Итак, у истоков своего писательства Бунин мало напоминал того эстета и поклонника «чистой» поэзии, каким выведен им Алексей Арсеньев («Жизнь Арсеньева»). Но было бы ошибкой впасть в другую крайность и представить себе молодого Бунина наследником простонародных заветов Кольцова и Никитина. Все обстояло, конечно, куда сложнее.
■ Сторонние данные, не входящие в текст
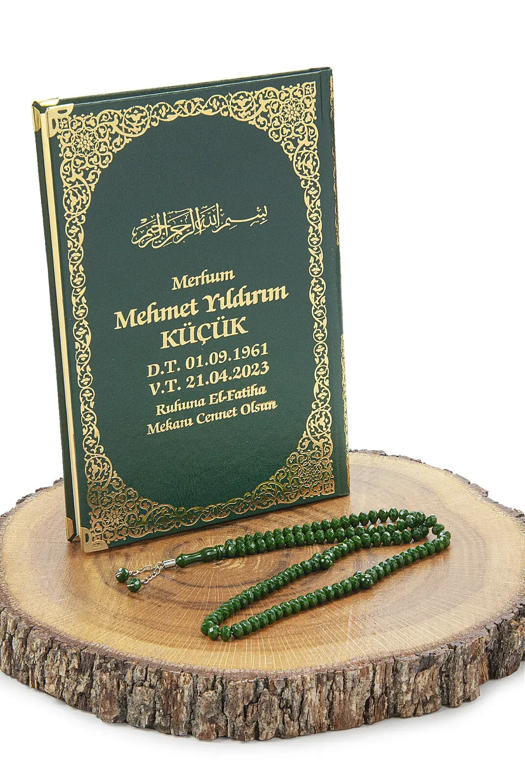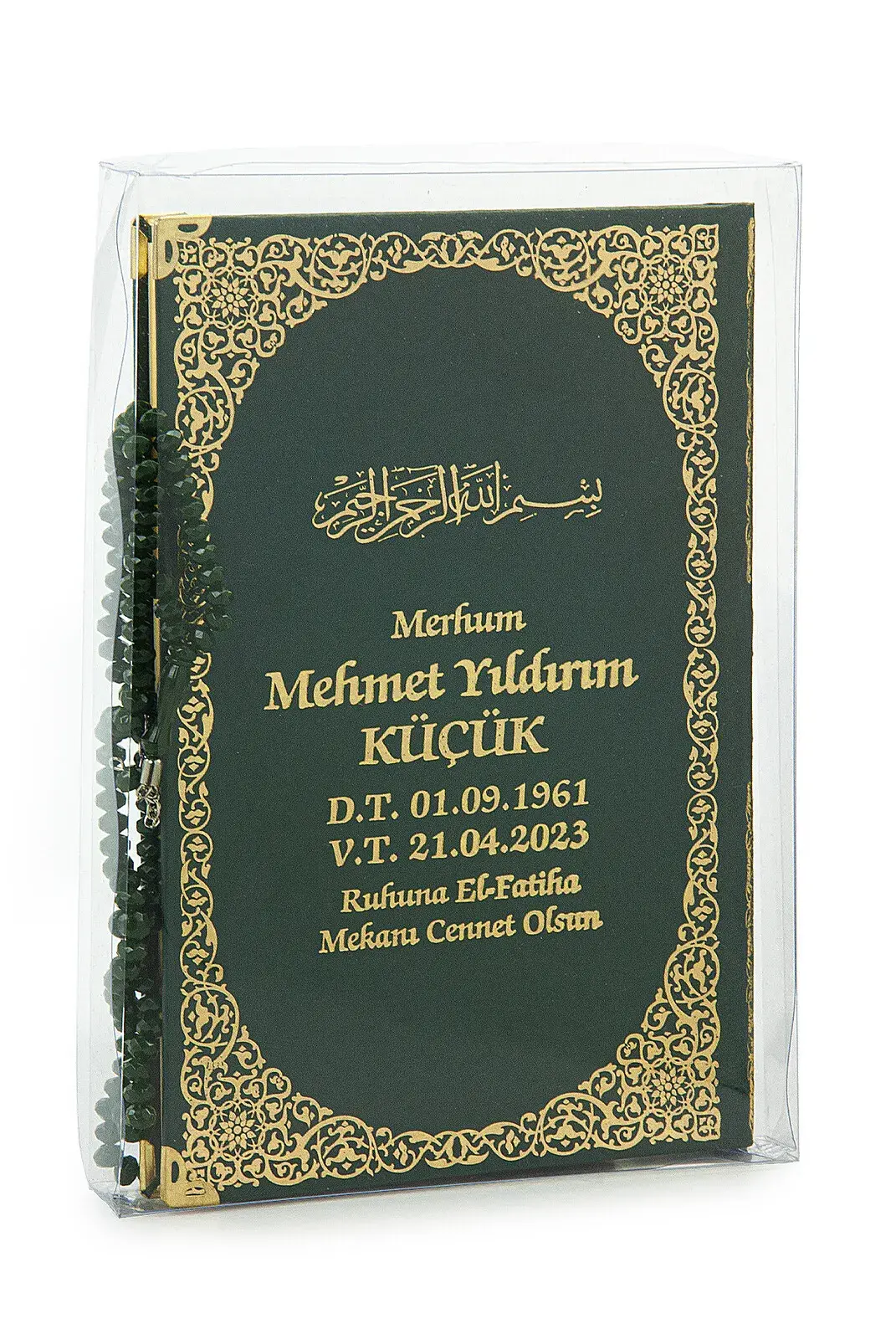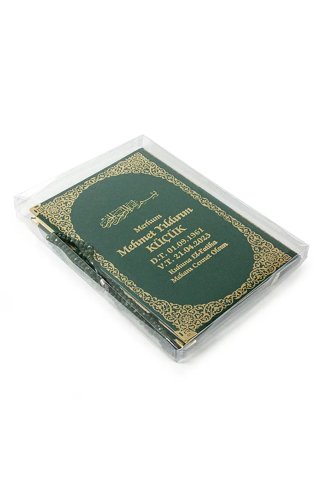50 Adet İsim Baskılı Kutulu Tesbihli Orta Boy Deri Ciltli Yasin Kitabı Mevlüt Hediyesi Yeşil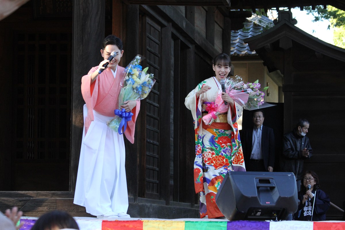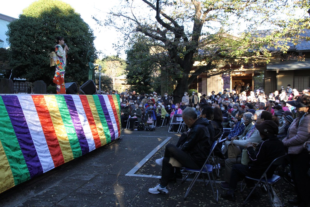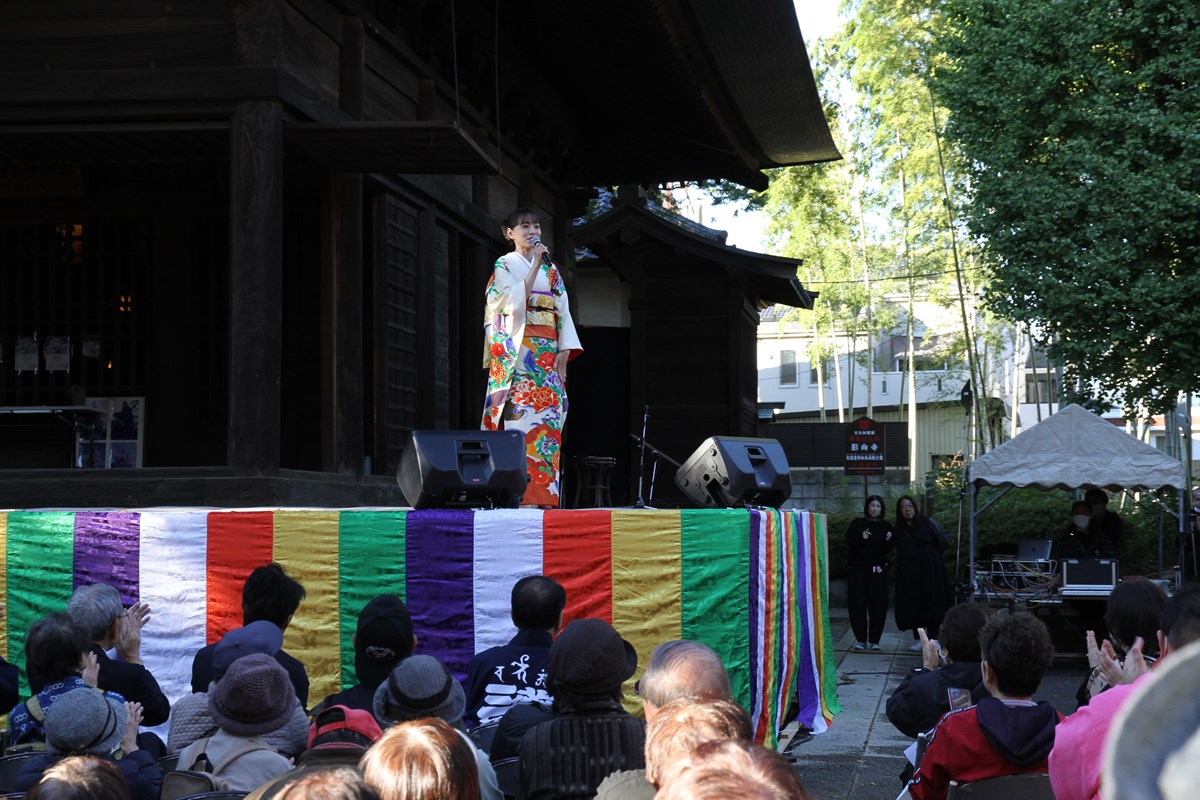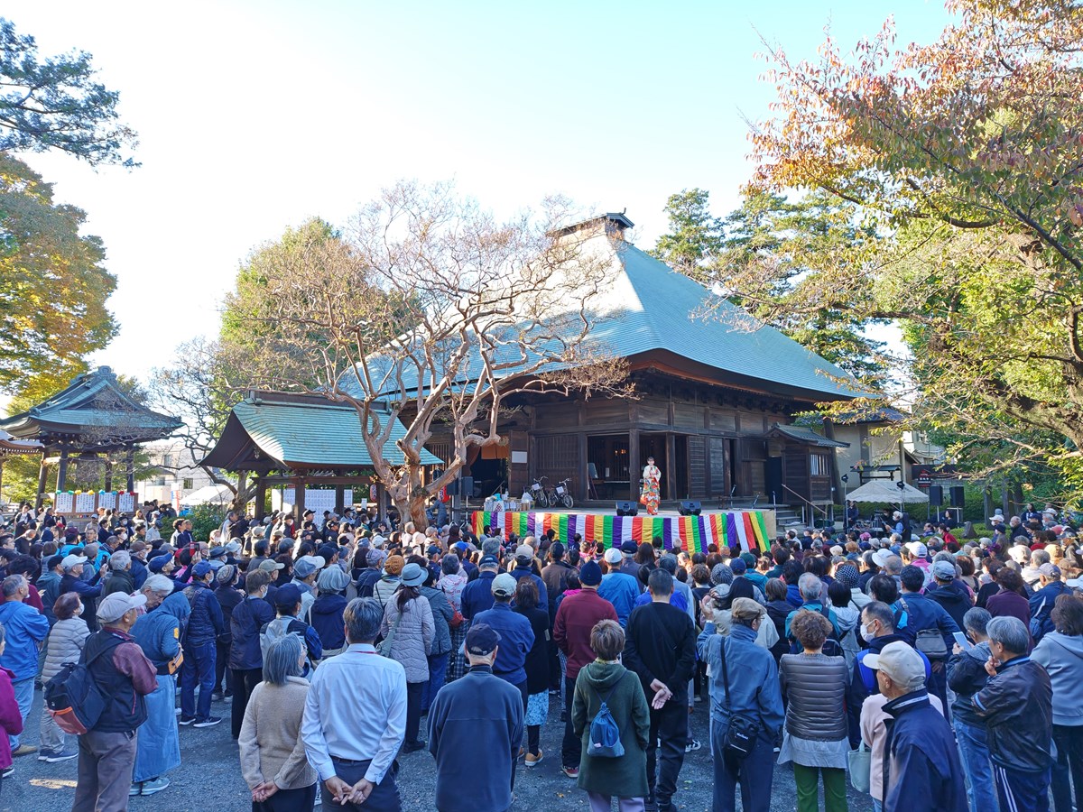 今年の縁日も天気に恵まれ、とても過ごしやすい気温の中開催されました。太子堂の移築工事中は10月開催でしたが、工事も終わり、また開催日を11月3日に戻しての縁日、「晴れの特異日」と言われる通り見事に晴れました。今年は屋台もたくさん出て大変多くの方々が訪れました。午前は護摩供養会、午後からは聖徳太子供養会、杜このみさん、彩青さん、棚瀨敬太さんによるコンサート、豪華景品の抽選会等、盛りだくさんで大いに賑わいました。重文史跡保存会の皆さん、ご尽力いただきありがとうございました。来年はどんな縁日になるのか楽しみです。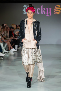 Daniele de Angelis, International Artistic Director and TONI&GUY Session Team created hair which followed the theme of rural farmers in India, with messy top knot buns accessorised with brightly coloured fuchsia pink turban-style head bands (paying homage to how farmers’ would keep cool in the sun) and accentuated by coordinating pink flowers placed to the side at the front.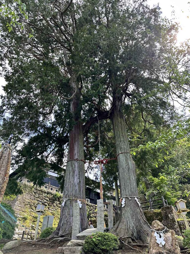また、武雄神社の入り口に立つ2本の木は、寄り添うように並ぶ姿から「夫婦檜(めおとひのき)」と呼ばれ、参拝者を最初に迎えてくれます。夫婦円満や良縁、家族の繁栄の象徴とされ、日常の世界から神聖な境内へ心を切り替える“結界”の役割も担う存在です。鳥居をくぐる前に見上げることで、気持ちが自然と整い、清々しい参拝の始まりを感じられます。

И если рассматривать творчество Бунина в перспективе дальнейших десятилетий, станет очевидно, что наиболее глубинным и мощным на него, на его «жизненный состав» было воздействие иных имен и иных книг.
Уже в пору отрочества возымел он непреклонное желание стать не кем-нибудь, а «вторым Пушкиным и Лермонтовым». Он чувствовал в себе как бы особое «право» на них. В далеком от России Грассе с юношеской горячностью восклицал: «Это я должен был бы написать «роман» о Пушкине! Разве кто-нибудь другой может так почувствовать? Вот это наше, мое, родное, вот это, когда Александр Сергеевич, рыжеватый, быстрый, соскакивает с коня, на котором он ездил к Смирновым или к Вульфу, входит в сени, где спит на ларе какой-нибудь Сенька и где такая вонь, что вздохнуть трудно, проходит в свою комнату, распахивает окно, за которым золотистая луна среди облаков, и сразу переходит в какое-нибудь испанское настроение… Но ведь этим надо жить, родиться в этом!»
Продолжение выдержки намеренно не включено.